The UNIQUE()
function in Excel offers a quick and versatile method to eliminate duplicates from a range or table, though it occasionally produces unexpected results. Consider the following example: I have a simple dataset containing people’s names, their locations, and their scores. I aim to identify any potential duplicates within this dataset, making UNIQUE()
an apt choice.
The peculiar results found in cells F6
and G4
, where expected blank values are instead returned as zeros, can lead to confusion. For instance, Bob from Chicago did not necessarily score a zero; his result might simply be unknown. This ambiguity complicates the interpretation of the data, especially when determining if certain rows, such as the one where Bob actually scores a 9, are duplicates. Similarly, Clara’s location being listed as 0 further muddies the clarity of the dataset, making it challenging to discern potential duplicate entries.

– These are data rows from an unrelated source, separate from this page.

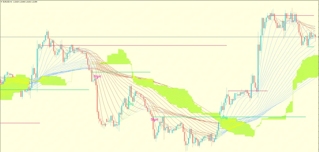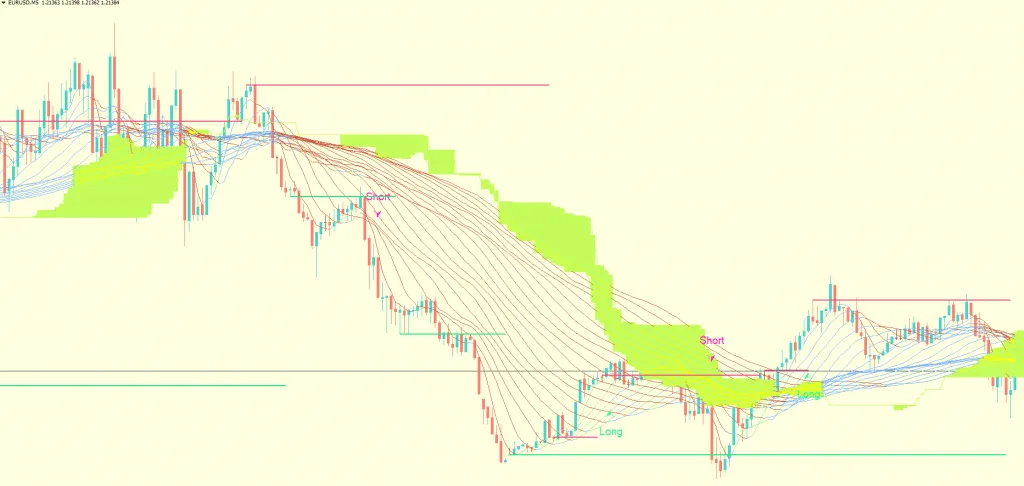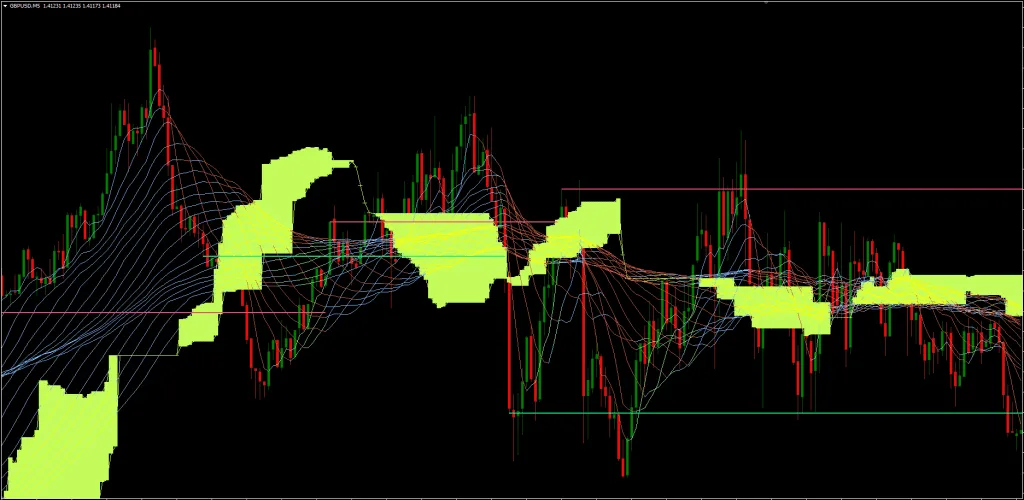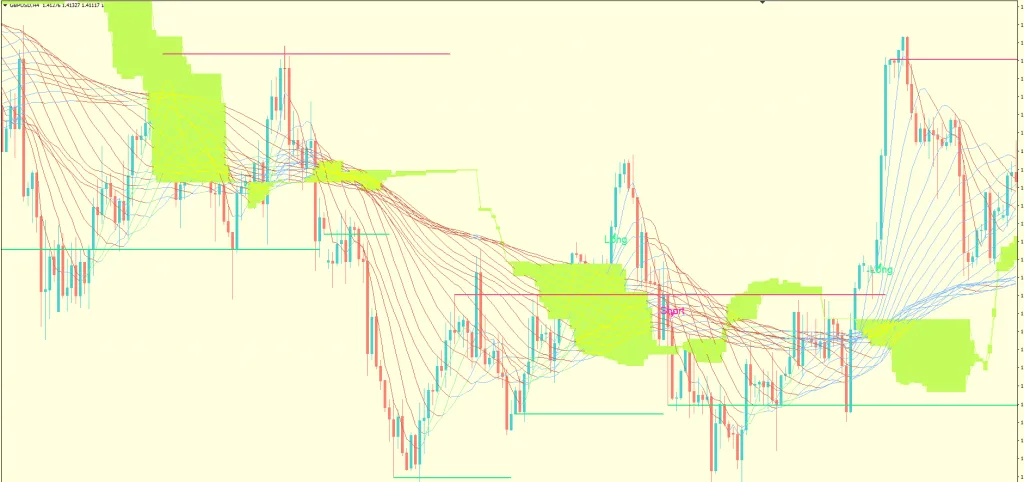 TREXPER 指标是一个不重绘的交易系统。这款免费的外汇指标基于唐奇安通道指标构建。它通过计算过去N个周期内的最高价和最低价来形成通道。最高价与最低价之间的区域,就是所选周期的通道。该通道与另一个强大的指标——移动平均线带——结合使用。移动平均线带由18条不同周期的移动平均线同时绘制在图表上构成。
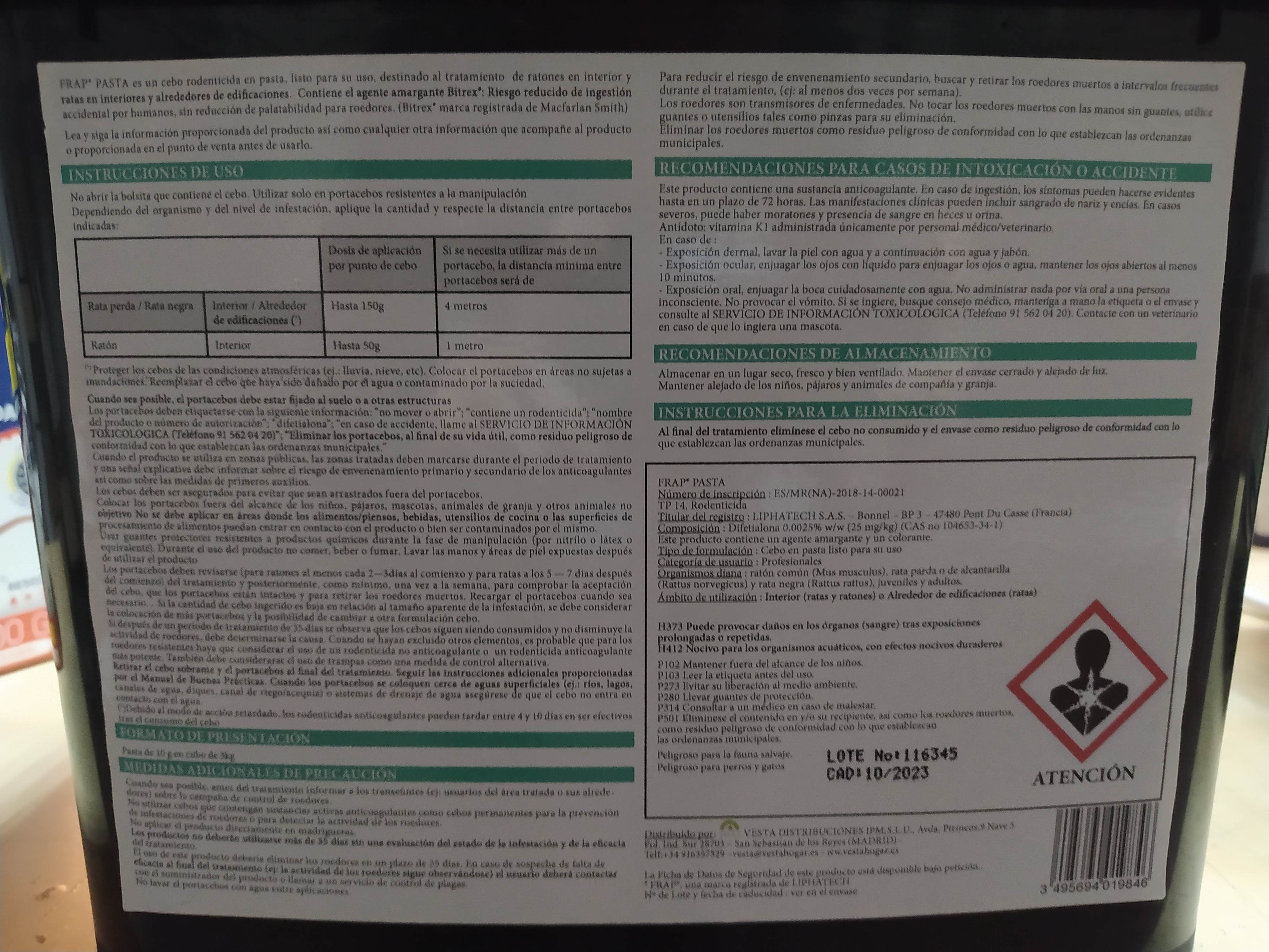 Número de Inscripción FRAP PASTA: ES/MR(NA)-2018-14-00021 TP 14, Rodenticida.
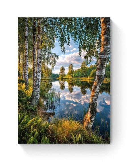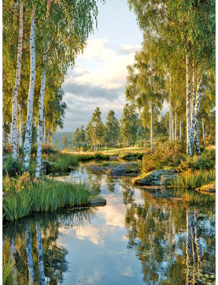 Алмазная мозаика без подрамника «Березы у воды» 90x70 см
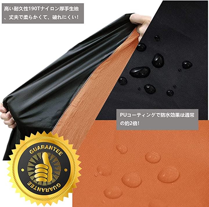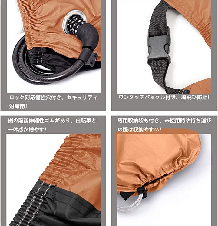 「耐久性に優れた素材」高品質素材、高い耐久性190T高密度の100%ナイロン生地、表には撥水加工、裏面ウレタンコーティングで高い防水性従来自転車カバーに比べて、耐久性、防水性、防風力、通気性、耐腐食性など各機能をアップしました。。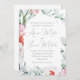 Ce faire-part de mariage floral fantaisiste présente des fleurs colorées d'aquarelle et un script de calligraphie élégant sur un arrière - plan blanc. Belle pêche douce, blanc ivoire et fleurs roses, avec de subtils feuilles verts ajoutent une douce beauté à ce design romantique. Magasinez dans ce magasin pour coordonner les éléments et les options de couleurs supplémentaires.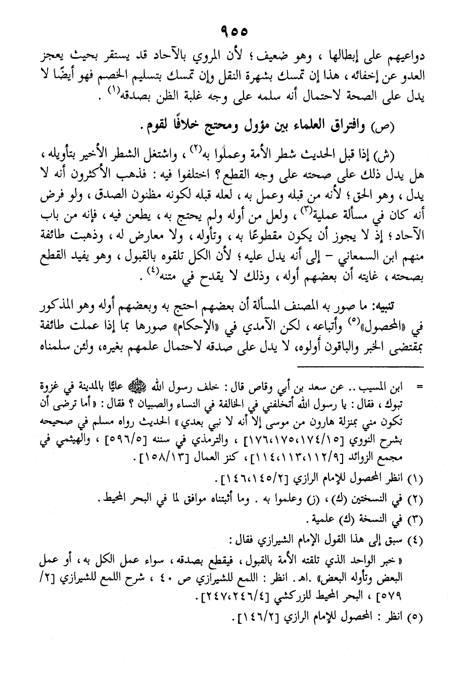 (ش) إذا قبل الحديث شطر الأمة وعملوا به واشتغل الشطر الأخير بتأويله هل يدل ذلك على صحته على وجه القطع؟ اختلفوا فيه: فذهب الأكثرون أنه لا يدل وهو الحق لأنه من قبله وعمل به لعله قبله لكونه مظنون الصدق، ولو فرض أنه كان في مسألة عملية ولعل من أوله ولم يحتج به، يطعن فيه أنه من باب الآحاد، إذ لا يجوز أن يكون مقطوعا به، وتأوله ولا معارض له، وذهبت طائفة منهم ابن السمعاني - إلى أنه يدل عليه، لأن الكل تلقوه بالقبول وهو يفيد القطع بصحته، غايته أن بعضهم أوله وذلك لا يقدح في متنه.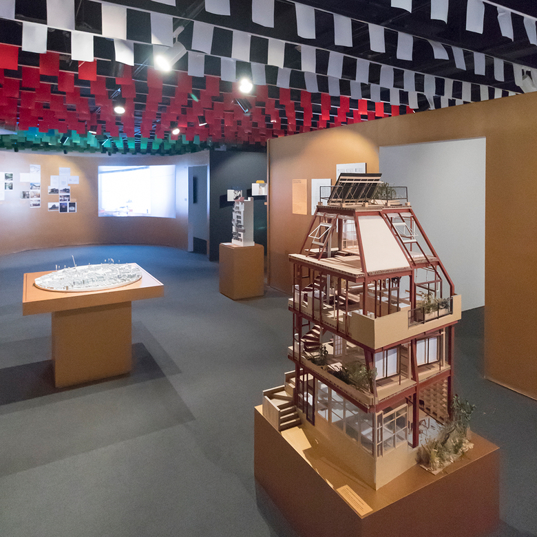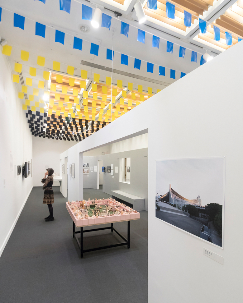 The exhibition presents projects from around the time of the 1964 Olympics alongside recent projects, thereby comparing, for example, the National Stadium from 1958 and Kenzo Tange's Yoyogi National Stadium from 1964 with Kengo Kuma's New National Stadium now under construction. During the opening, Momoyo Kaijima described how their practice has worked across the six typologies they selected for the exhibition. They designed stadium seating for a giant game of foosball at the Yokohama Triennale 2005; they designed Muji stores with places for students to do their homework after school; and they highlighted their own home and studio in Shinjuku. Though full of projects by other architects, the duo explained in effect how the exhibition is highly personal.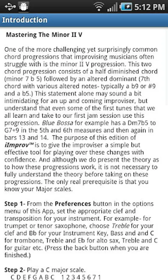 The iImprov series is intended for jazz improvisers of all levels to help them gain and perfect the tools of the craft. These apps are not presented progressively as each one is designed to target a specific need in any jazz improviser’s arsenal. Beginning and intermediate musicians can benefit from full explanations of the theory and concepts involved in tackling specific challenges that face the improvising musician, as well as apply them in the applications’ Jam-A-Long sections. More advanced players can benefit from focusing on specific keys and progressions for Jam-A-Long. Each Jam-A-Long allows the user to select any key to improvise in over an endless loop. Tempos are also adjustable.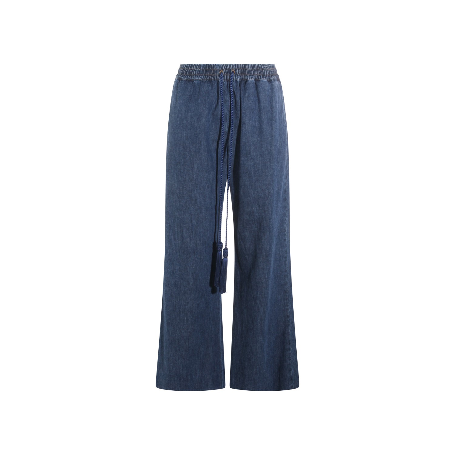 Blue cotton pants from Valentino featuring elasticated waist with drawstring and wide leg.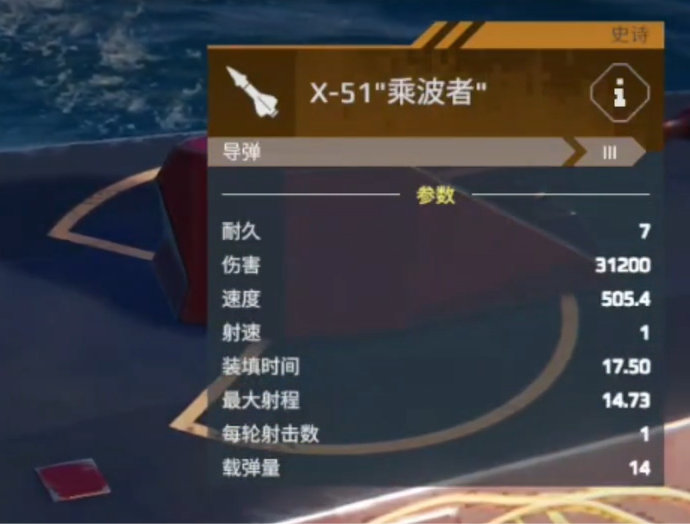 至于导弹方面的话,这里更加推荐大家用x51乘波者。能够增加多达3万点的物理伤害,也可以更快的飞向对手的位置,几乎让人避无可避。另外它的装填时间也短,就算你的火力暂时不足,,依然可以暂时休整并调整好战略方向,一次性的话可以容纳14个导弹。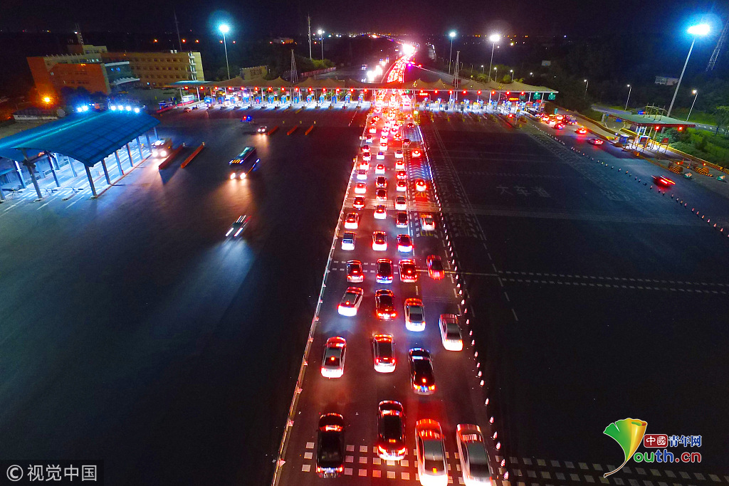 2018年10月1日,國慶假期首日凌晨1點左右,南京迎來出行高峰,所有高速公路出城方向迎來大批車輛,航拍南京長江二橋收費站,大量車輛排起長龍,場面尤為壯觀。圖片作者:方東旭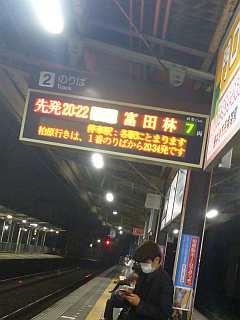20:22の電車、20:38のバス。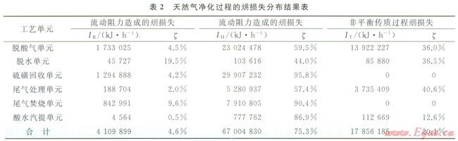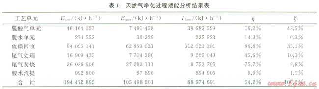 由表l可以看出,硫磺回收單元和尾氣處理單元效率最高,這是由于這2個(gè)單元主要為過程余熱回收單元,將過程反應(yīng)產(chǎn)生的余熱通過余熱鍋爐進(jìn)行回收;而脫酸氣單元和脫水單元的效率較低是由于其再生過程為一個(gè)能低效的過程。從整個(gè)過程的損失分布來看,脫酸氣單元的損失最高,這是由于普光氣田天然氣凈化廠處理的原料氣中H2S含量很高,需要更大溶劑循環(huán)量才能使凈化氣達(dá)到商品氣標(biāo)準(zhǔn),這導(dǎo)致再生過程的能耗大大增加,而溶液再生過程為典型的低效過程,因此造成了較高的損失。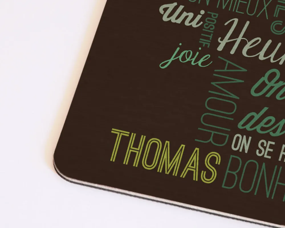Partagez de manière originale avec vos invités ce qui fait le sel de votre vie de famille épanouie, à travers les inscriptions de ce magnifique tapis de sol personnalisé. Au programme de votre maison du bonheur : le partage, le fun, l’amour, l’entraide, la bonne humeur, le respect et tant d’autres choses dont vous pouvez être fier.e. De quoi inspirer positivement quiconque vous rendra visite.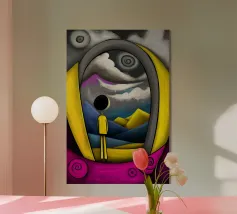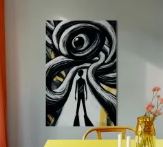 Quest'opera d'arte presenta una sorprendente giustapposizione di colori e monocromia, creando un racconto di contrasto e contemplazione. Questo disegno artistico conferisce una profondità intrigante a qualsiasi ambiente, invitando gli spettatori a riflettere sulla storia che lo sottende. Perfetto per creare un punto focale negli spazi contemporanei, offre una visione unica che stimola la conversazione e l'immaginazione. Aggiungete un tocco di introspezione al vostro arredamento con questo pezzo coinvolgente e stimolante.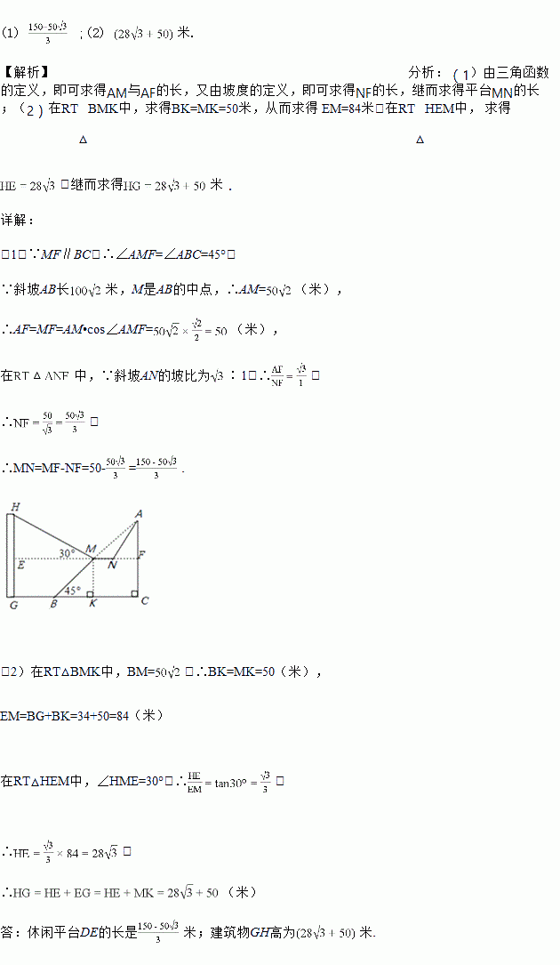 米,坡角(即∠ABC)为45°,AC⊥BC,现计划在斜坡中点M处挖去部分斜坡,修建一个平行于水平线CB的休闲平台MN和一条新的斜坡AN.(温馨提示:后两个小题结果都保留根号)

This issue arises from Excel’s treatment of blank cells within array functions and calculations. In Excel, empty cells are often automatically interpreted as zeros during numerical operations, including those involving dynamic array functions. This default behavior aims to maintain consistency in calculations that include blank cells.
To address this inconvenient and potentially misleading feature of Excel’s backend operations, let’s explore a few strategies to mitigate its impact. You can follow these suggestions using the provided workbook as a guide:
Option A: Use FILTER()
to remove blank values
One approach here is to first eliminate any missing values prior to employing the UNIQUE()
function, which can be achieved through the use of another dynamic array function, FILTER()
.
By specifying multiple criteria within FILTER()
, it’s possible to exclude any rows that contain missing values in the specified columns. Subsequently, the unique values from this filtered dataset are returned. This method ensures that the data processed by UNIQUE()
is clean and devoid of any missing entries, resulting in more accurate and reliable outcomes.
I’m not particularly fond of this approach because I still wish to account for rows with blank values. It’s not my intention to simply write these off as duplicates or incomplete data. Instead, I aim to delve into them further and fully grasp the array combinations in the data.
Option B: Change the appearance of zero values in the workbook
To adjust the appearance of zeros in Excel, an alternative approach involves modifying their display settings. Begin by navigating to the File tab on the ribbon, then proceed to Options and select Advanced.
Scroll down to the section labeled “Display options for this worksheet.” Here, you will find a setting titled “Show a zero in cells that have zero value.” Disable this option to change how zeros are displayed in your worksheet. This method offers a straightforward way to customize the visual representation of zeros, enhancing the readability or aesthetic of your Excel document.
This approach will ensure we obtain all the distinct rows, but with a clearer presentation: instead of displaying confusing zeros, those cells will be left blank.
This approach ensures that no rows are arbitrarily removed due to potential data integrity issues, preserving the data in a more authentic format without resorting to converting missing values to zeros in Excel.
Which method do you prefer for handling missing values in UNIQUE()
? Share your thoughts in the comments below.
To learn more about the UNIQUE()
function and other dynamic array functions, check out my book Modern Data Analytics in Excel:
Jon Peltier
“Show a zero in cells that have zero value” is not a good option, because it turns zero values into blanks. What if Bob really had a score of zero? And if subsequent cells had formulas that included the zero/blank cells, the result may be confusing: the average of 2 and 0 is obviously 1, but not so the average of 2 and blank. Excel ignores actual blanks when doing most calculations, but not a zero that is displayed as a blank.
George Mount
Thanks Jon for pointing out those contingencies — Over on LinkedIn Rick Rothstein suggested another option that could avoid these downsides:
> If you don’t mind your numbers displaying as text, you can suppress the zeros that occur due to blanks using this formula instead of hiding all zeros…
`=UNIQUE(“”&names)`
I suppose the problem there is if you want to aggregate those numeric results.
Jon Peltier
I strenuously object to storing numbers as text. I would use something like this to ensure that what looks blank contains no numerical data:
=UNIQUE(IF(names=””,””,names))
Text in a numeric column, including “”, is ignored in most numerical functions.
George Mount
Makes sense, thanks Jon for another great contender here.